1 1. Health Science University Regional Training and Research Hospital, Department of Radiation Oncology, Erzurum, 25050, Turkey 2. Department of Radiation Oncology, Faculty of Medicine, Selcuk University, Konya 42075 Turkey

2 1. Health Science University Regional Training and Research Hospital, Department of Medical Oncology, Erzurum, 25050, Turkey 2. Biruni university medical faculty hospital, ?stanbul, Turkey

3 Health Science University Regional Training and Research Hospital, Department of Radiation Oncology, Erzurum, 25050, Turkey

4 Regional Training and Research Hospital, Department of Surgical Oncology, Erzurum, 25050, turkey.

5 1. Health Science University, Regional Training and Research Hospital, Department of Radiation Oncology, Erzurum, Turkey 2. Department of Radiation Oncology, Faculty of Medicine, Akdeniz University, Antalya, Turkey

6 Tekirdag State Hospital, Tekirdag, Turkey


Background: Esophageal cancer (EC) is known as the most common cancer around the world. The evidence supports that preoperative chemoradiotherapy (CRT) improves resectability and survival in locally advanced EC patients.
Objectives: The current study aimed to evaluate the results of treatment in patients suffering from EC in an endemic region.
Methods: In this study, a total of 180 EC patients treated with curative radiotherapy (RT) were retrospectively evaluated. Primary tumor location, histopathological characteristics, tumor, nodes, and metastases (TNM) status, gender, age, treatment modalities, and survival period were also assessed. The effects of prognostic factors on the survival rate were evaluated using single variable analysis.
Results: The median time of follow-up was reported as 22.9 months (range: 6-115 months). After 1-, 3-, and 5-year follow-up, the rates of survival were calculated at 86.6%, 46.6%, and 32.5%, respectively. The present study was conducted on 77 (42.8%) male and 103 (57.2%) female patients (mean age: 60±12 years). In histopathological assessment, squamous cell carcinoma was the most frequent diagnosis (n=156; -86.6%). The clinical stages were reported as II in 36.6% (n=66), IIIa in 23.4% (n=42), IIIb in 15.5% (n=28), and IIIc in 24.5% (n=44) of the patients. In this study, 54 (25%) patients were treated with definitive RT, 33 patients (18.3%) with postoperative adjuvant CRT or RT, 59 patients (32.8%) with preoperative CRT or RT, and 43 patients (23.9%) with definitive CRT. The Eastern Cooperative Oncology Group (ECOG) performance status was observed to be ECOG 0 in 51 subjects (28.4%), ECOG 1 in 95 subjects (52.8%), and ECOG 2 in 34 subjects (18.8%). Moreover, 96 (53.4%) and 84 (46.6%) patients received conventional and conformal RT, respectively. The median time of overall survival (OS) was reported as 29 months. In univariate analysis, the T stage (P=0.041), N stage (P=0.033), TNM staging (P=0.00), and concomitant CRT (0.001) were prognostic factors affecting median OS time. Concomitant CRT (hazard ratio [HR]: 0.513; 95% CI: 0.337-0.779; P=0.002) and TNM stage (HR: 2.265; 95% CI: 1.409-3.641) were observed statistically significant as independent prognostic factors of mortality in multivariate analysis.
Conclusions: Long-term survival using combined-modality therapy was demonstrated in patients with locally advanced EC. Furthermore, based on the results of multivariate analysis, TNM stage and concomitant CRT were considered independent prognostic factors of mortality.

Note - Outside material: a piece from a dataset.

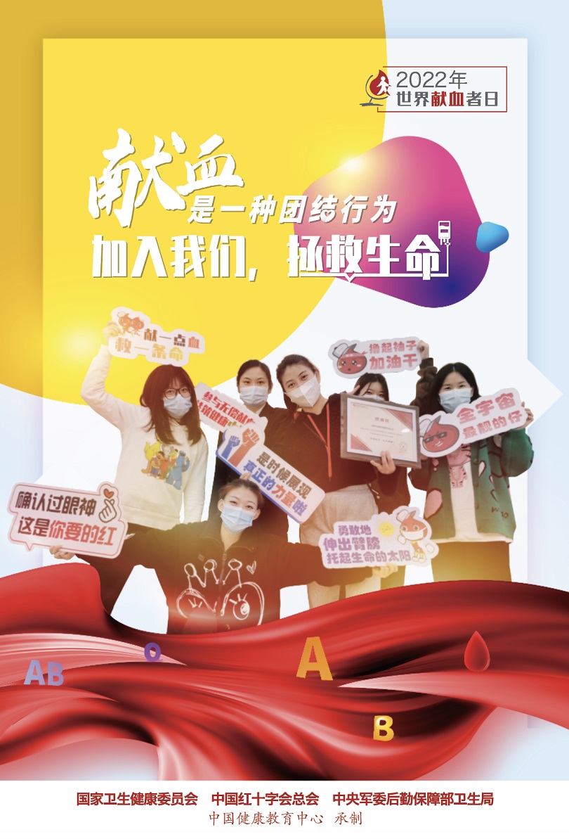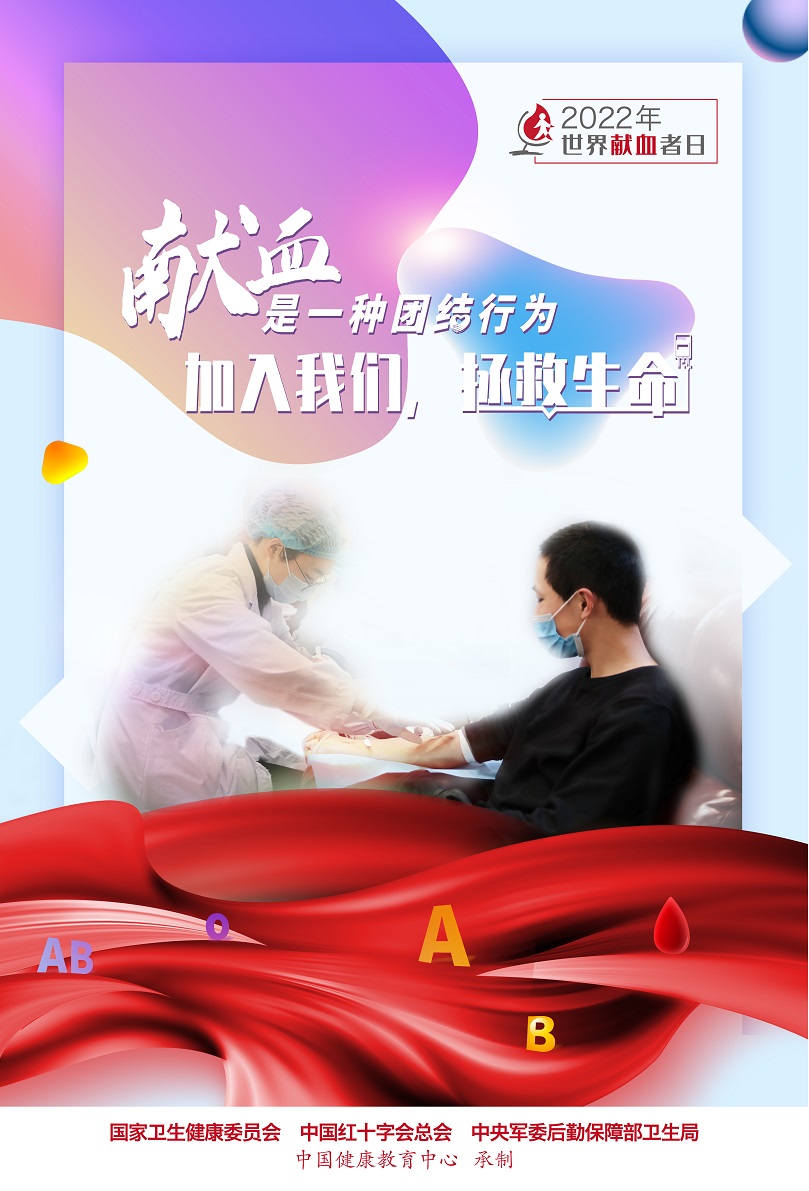 2022年6月14日是第19个世界献血者日,主题为“献血是一种团结行为。加入我们,拯救生命”。在国家卫生健康委医政医管局指导下,中国健康教育中心开发制作无偿献血宣传海报,呼吁更多人参与到无偿献血行动中来。

  1. Siegel RL, Miller KD, Jemal A. Cancer statistics, 2019. CA Cancer J Clin. 2019;69(1):7-34. doi: 10.3322/caac.21551. [PubMed: 30620402].
  2. Bray F, Ferlay J, Soerjomataram I, Siegel RL, Torre LA, Jemal A. Global cancer statistics 2018: GLOBOCAN estimates of incidence and mortality worldwide for 36 cancers in 185 countries. CA Cancer J Clin. 2018;68(6):394-424. doi: 10.3322/caac.21492. [PubMed: 30207593].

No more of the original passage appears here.